I thought that the military as a rule studied and planned for any contingency,like they did for Japan for years before anyone had a remote idea that we'd ever be at war with them. What would be so strange about having studied the possibility of war in Iraq,considering the fact that Saddam for a decade refused to cooperate with the UN(snicker),and that we'd already been there once to kick them out of Kuwait?
Any loon can write a book.
This loon got his published.
http://www.s-t.com/daily/07-00/07-16-00/a06op024.htm.
I guess you can't blame him for being slapdash? Zzzzzz...
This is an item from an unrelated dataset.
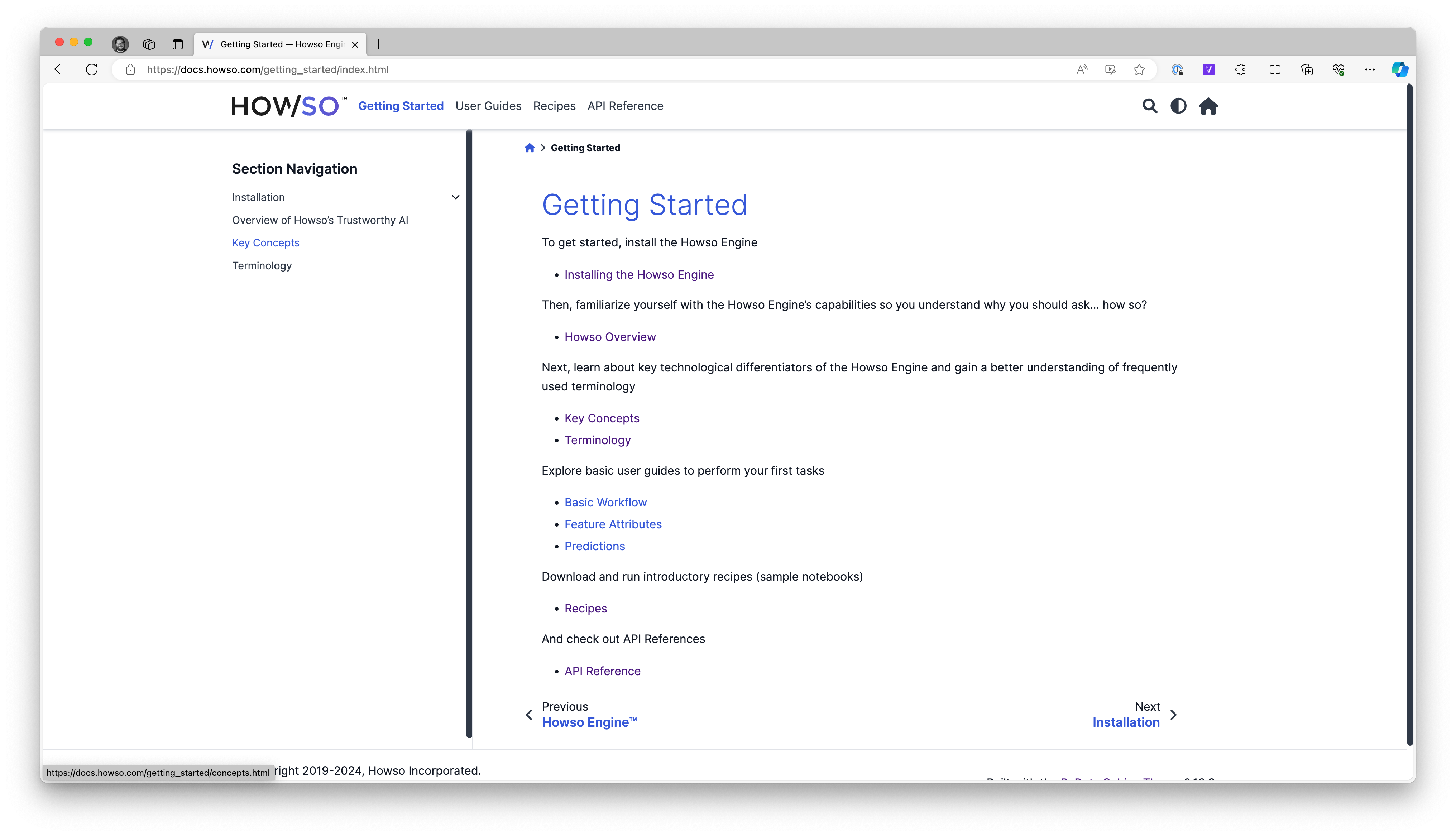 Our documentation contains a couple of guides: Getting Started & User Guides. The Getting Started guide cover the basics of installation, key concepts, and terminology. The User Guides focus on explaining capabilities and core concepts vital to working with Howso’s technologies.

Yeah, just like my good buddies, Richard Clarke and Joe Wilson testfied. Also my sister, Morgan Fairchild.....
Dueling books: Graham vs Franks.
[I think I would go with General Franks' version.]
Graham the Senate Intelligence Committee chairman. Graham, intelligence. It would be funny if it didn't explain 9/11. The there is Kerry, also on the Senate Intelligence Committee, only he never went.
Looks like "I Passed A Soft One Today"Graham is doing some mutual cover for Kerry.
Hey Dummy we are at War and your disclosures of undocumented fact are just another spin that the MSM will report as proven fact. /barfing!
Graham's version sounds about right. Franks has always impressed me. I doubt if he was snookered too much by the neocons and their theories for going into Iraq. He did have the good judgement to retire before getting bogged down in the post-war problems. It sounds reasonable that Somalia was a hot bed of Al Qaeda because Bin Laden spent considerable time there.